Multiple Constraints

Introduction

I have a previous post on Lagrange multipliers for a single constraint, however, as you have seen in some of my other posts. I have done constrained optimization on multiple constraints, in these cases I just add multiple Lagrange multipliers. So why do/can we do that?

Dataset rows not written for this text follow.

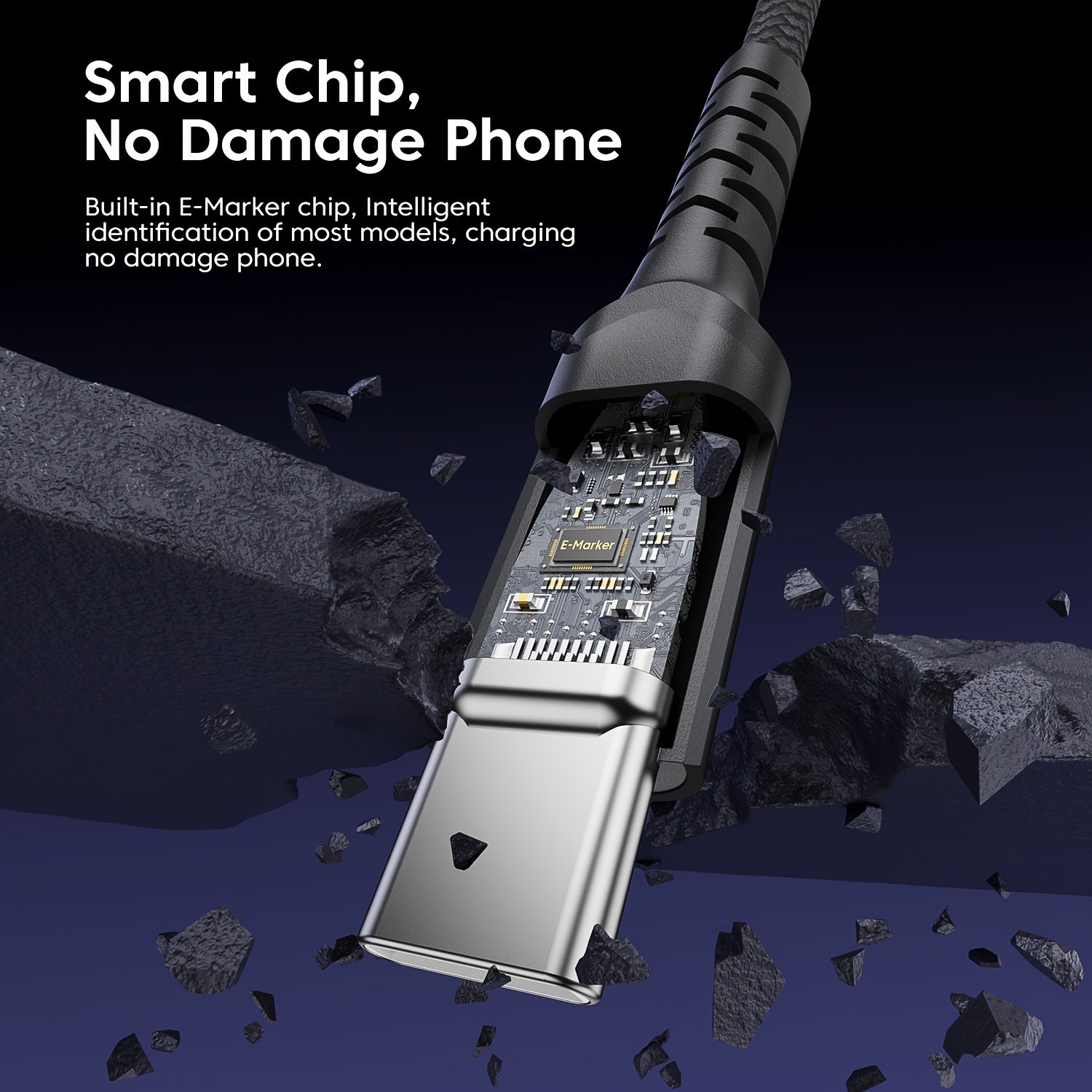 PD100W Max Type C dan Type C kabeli Samsung, Honor, Xiaomi va iPhone 15/15Plus/15Pro/15 Pro Max, 16/16Plus/16 Pro/16Pro Max uchun tez zaryadlash.
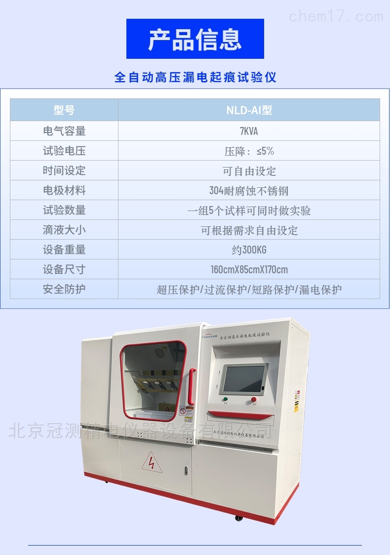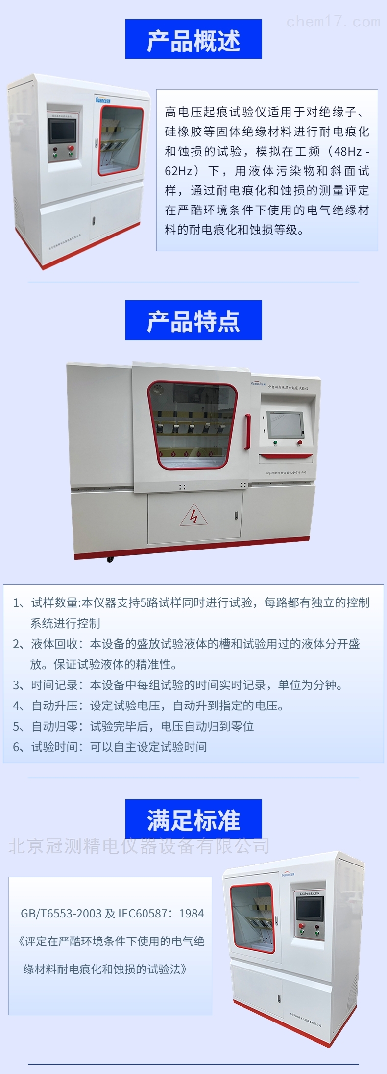 全自动高压漏电起痕试验仪-适用于对绝缘子、硅橡胶等固体绝缘材料进行耐电痕化和蚀损的试验,模拟在工频(48Hz - 62Hz)下,用液体污染物和斜面试样,通过耐电痕化和蚀损的测量评定在严酷环境条件下使用的电气绝缘材料的耐电痕化和蚀损等级。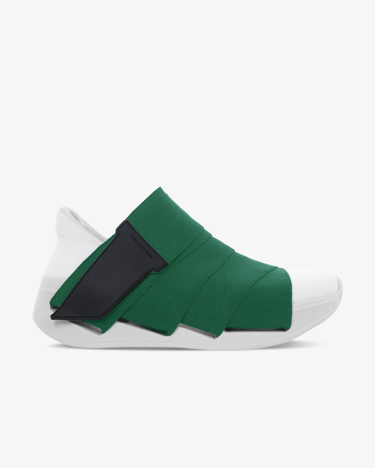 Tomaia elastica di colore verde resistente e avvolgente. Apertura e chiusura con velcro in gomma. La mancanza del procedimento di montaggio industriale riduce l’emissione di Co2 (-50%).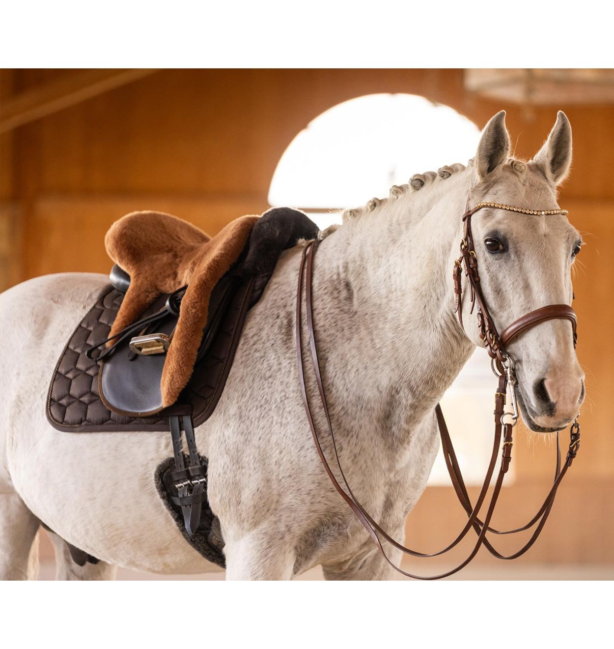 Hochwertige Zalea von MATTES als Lammfellbezug für den Sattel. Umschließt Sitzfläche und Sattelblatt, der Reiter sitzt direkt auf weichem, klimaregulierendem Lammfell. Mit Leder-Reibschutz im Beinbereich für zusätzliche Strapazierfähigkeit. Geeignet für viele englische Dressursättel (nicht für Monoblatt-Sättel).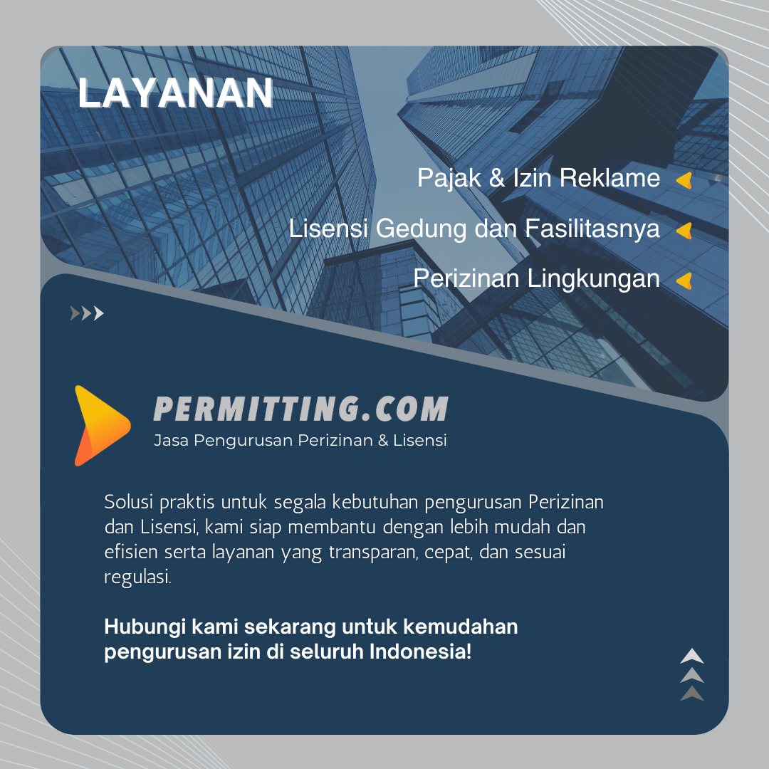 Permitting: Pengurusan perizinan Reklame, Building & Facility Licenses dan Environment Permit untuk memastikan kepatuhan terhadap peraturan yang berlaku untuk mendukung legalitas bisnis Anda.

Informal / Intuitive Proof

Consider we have a function $f:\mathbb{R}^n \rightarrow \mathbb{R}$, and $m$ constraint equations $g_i:\mathbb{R}^n \rightarrow \mathbb{R}$. Lets consider a point $x \in \mathbb{R}^n$ such that all the constraints are satisfied. Therefore, if x is a local min/max on this constraints set, if we inspect all the gradients, $\{\nabla_xg_i\}$ you will notice that they form a subspace and $\nabla_xf$ lies in this subspace which is why we can add more Lagrange multipliers since they are the coefficients for the linear combinations. But why does $\nabla_xf$ lie in the constraint gradients’ subspace? Well imagine it doesn’t, therefore it will have a component that is orthogonal to all the constraint gradients’. Because the gradient is normal to the tangent hyperplane of the contour set then a vector that is orthogonal to all the gradients, must lie in all the tangent planes. Therefore, that vector points in the direction of the intersection of all the constraints, therefore, $\nabla_xf$ can’t have any component along that direction since that will imply that $x$ is not a local min/max.